This is package "smooth", v4.3.0


Attaching package: 'smooth'

The following object is masked _by_ '.GlobalEnv':

    accuracy

MA <-sma(groundhog$FebMarAvg, order=20)
#predict(MA)
plot(y=groundhog$FebMarAvg, x=groundhog$Year, col=as.numeric((as.factor(groundhog$Punxsutawney.Phil)))+1, pch=16)
lines(y=predict(MA)$mean, x=groundhog$Year)

Notice that he has been predicting early springs more often since the 60s, and also we’ve been having warmer and warmer temperatures. Perhaps he’s predicting early spring more often because of climate change, and thus he is correct more often.

This whole analysis really hinges on what we mean by an “early spring”. One could argue that with rising global temperatures, spring is actually coming earlier more often than it used to, and THAT’s why he’s seeing no shadow more often.

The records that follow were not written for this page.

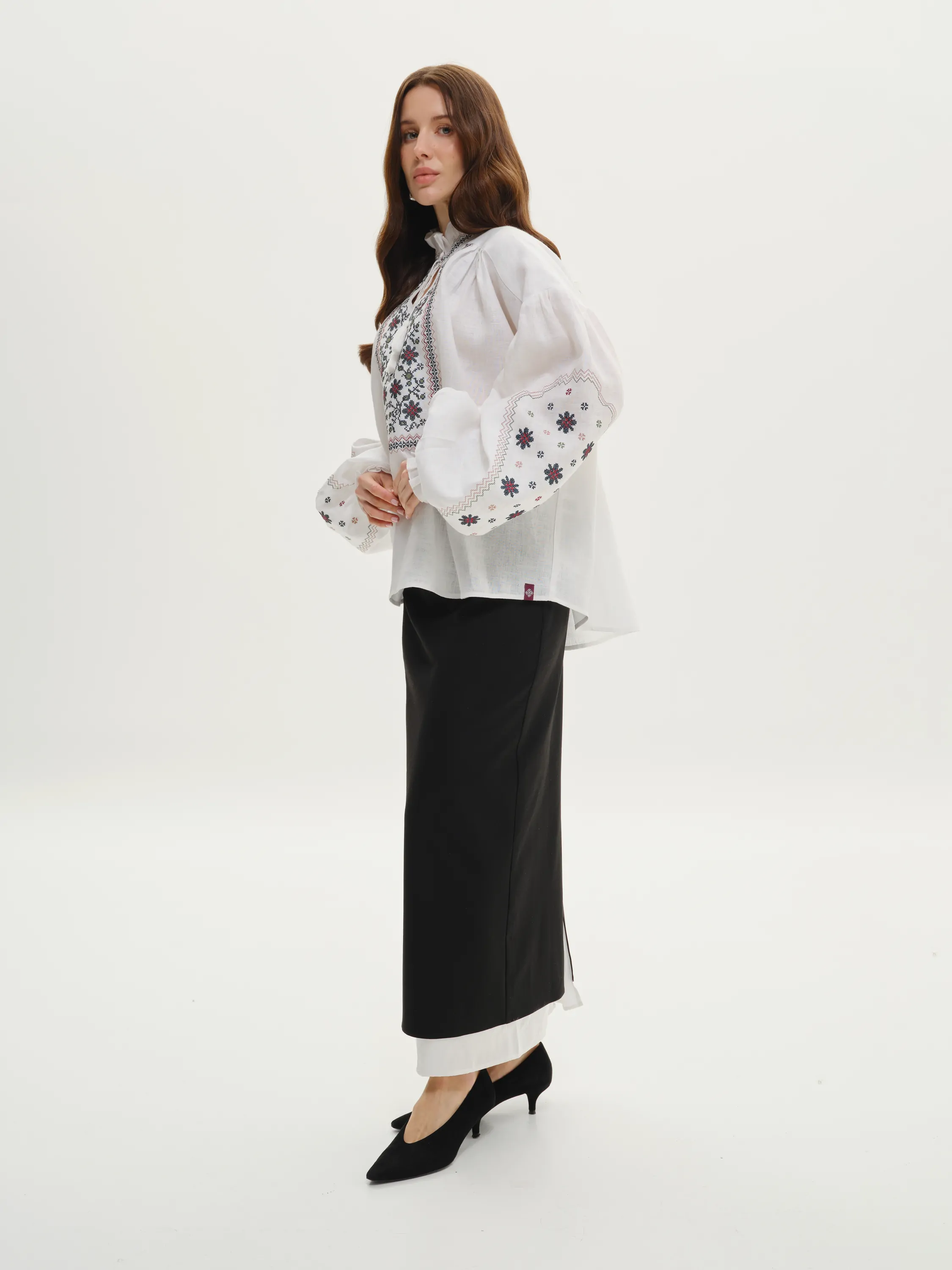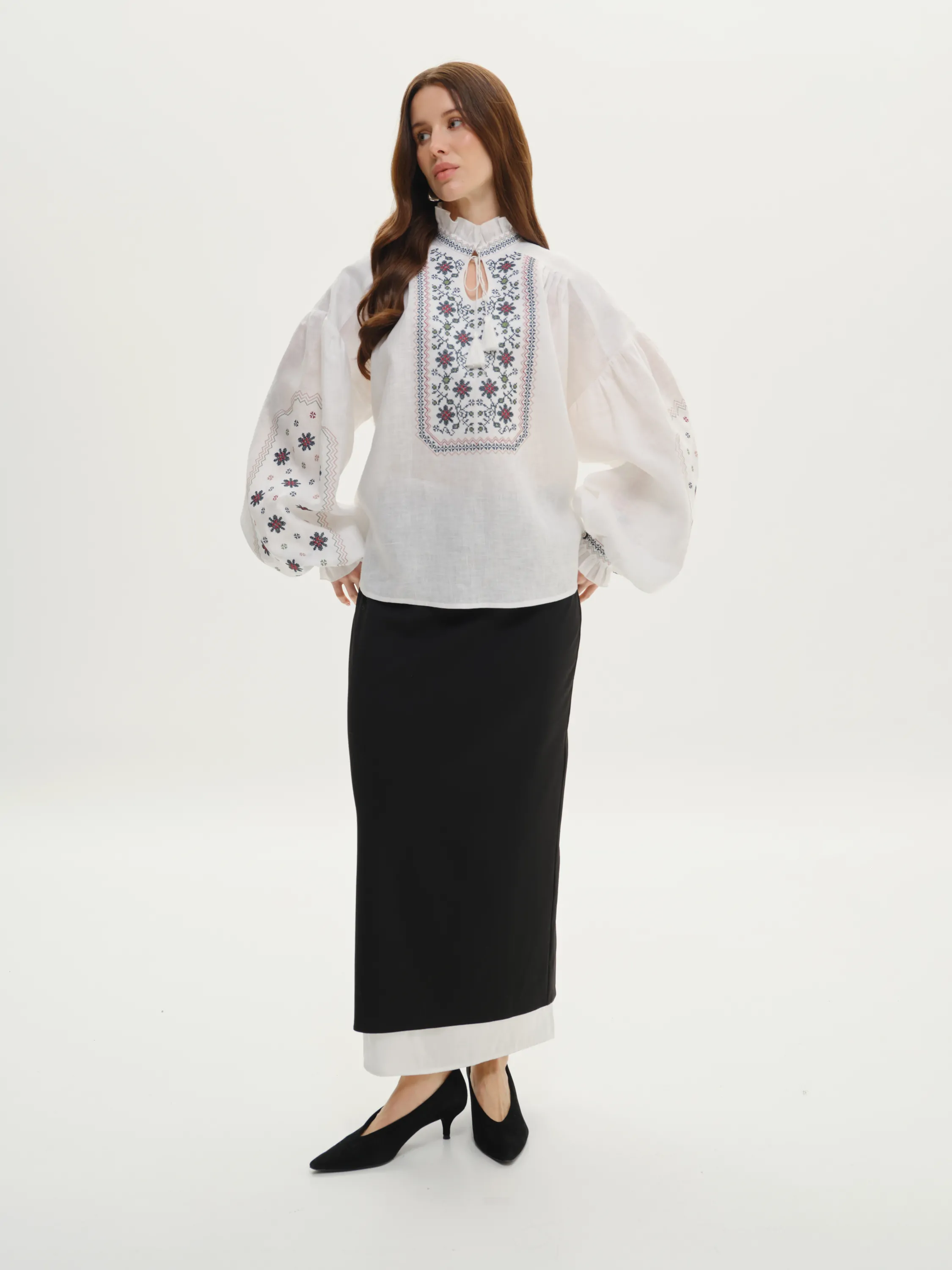 На виробі відтворено машинною вишивкою техніку вишиття «низинку».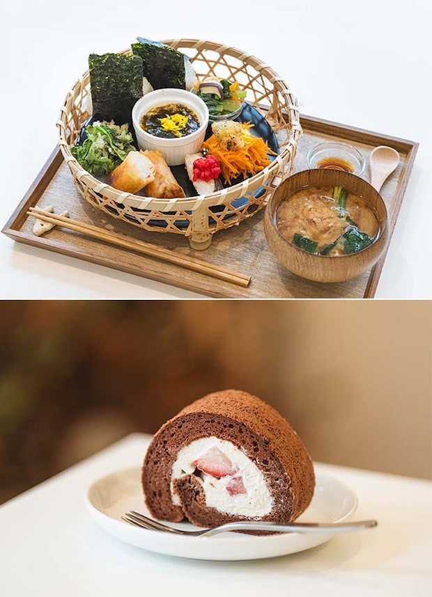 (写真上)ごちそう籠盛りランチはおにぎり2種類に揚げ物、おかず、汁物などが付く大満足のボリューム/(写真下)ロールケーキや焼き菓子などのデザートもすべて手作り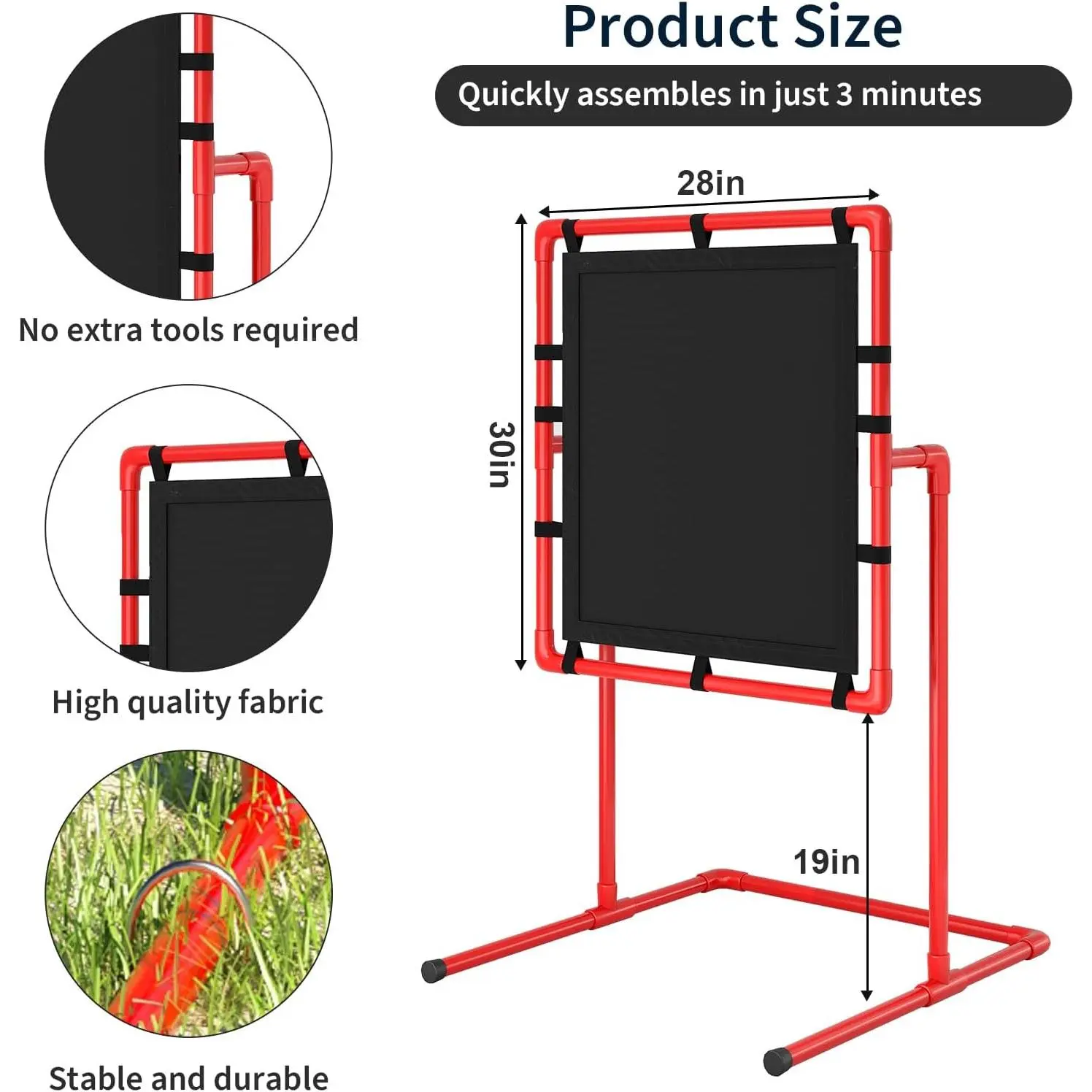 【Ideal for Plastic Ball Baseball Games】This Universal Strike Zone Goal features a large 30 in x 28 in area, perfect for backyard games like Wiffle Ball and Blitzball. The outer frame measures 30"x28", with a fabric goalof 27"x23".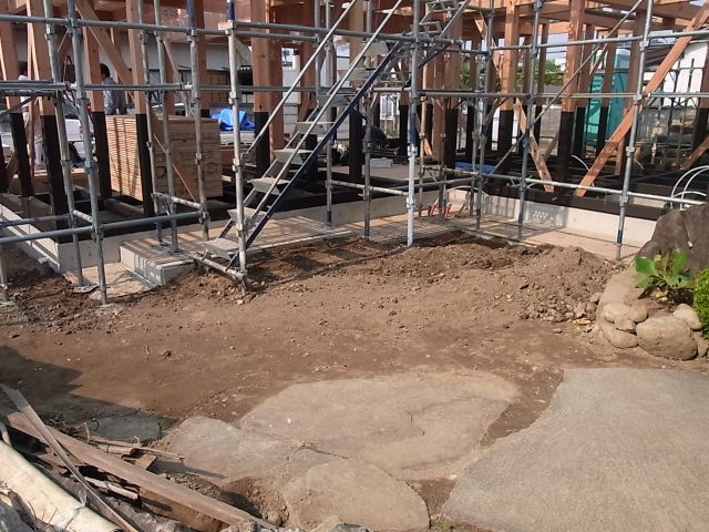 勝手口ポーチの型枠の取り外しを行い、周りを整地しました。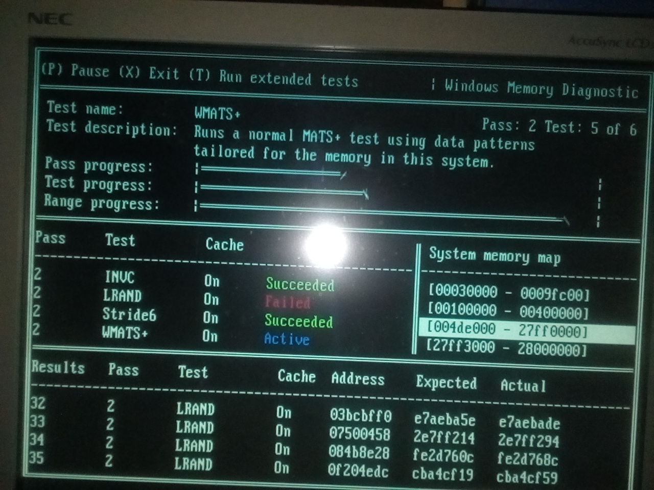 热心的高手 求您回答一下呗:一台很老的台式机,memory内存检测出现的问题:

If we repeat this analysis and look not at whether the temperature is above average, but rather whether the temperature is above the moving average then it changes the conclusion a bit

groundhog$tempDev <- groundhog$FebMarAvg - as.numeric(predict(MA)$mean)
plot(y=groundhog$tempDev,x=groundhog$Year, col=as.numeric((as.factor(groundhog$Punxsutawney.Phil)))+1, pch=16, ylab="dev from moving avg")

avg.shadow <- groundhog$tempDev[groundhog$Punxsutawney.Phil=="Full Shadow"]
avg.noshadow <- groundhog$tempDev[groundhog$Punxsutawney.Phil=="No Shadow"]

t_obs <- mean(avg.noshadow)-mean(avg.shadow)

test.stats <- 0 #lazy empty vector - R will add more to it without complaining
NMC <- 10000
for(i in 1:NMC){
  test.stats[i] <- permute_and_compute(avg.noshadow, avg.shadow)
}
hist(test.stats, breaks=50)
abline(v=t_obs, col="red")

mean(test.stats >= t_obs)

[1] 0.0589

Last let’s consider an “early spring” when both Feb and March average temps are above the moving average.

MAfeb <-sma(groundhog$February.Average.Temperature, order=20)
MAmar <-sma(groundhog$March.Average.Temperature, order=20)

earlySpring <- groundhog$February.Average.Temperature > as.numeric(predict(MAfeb)$mean)  &
  groundhog$March.Average.Temperature > as.numeric(predict(MAmar)$mean)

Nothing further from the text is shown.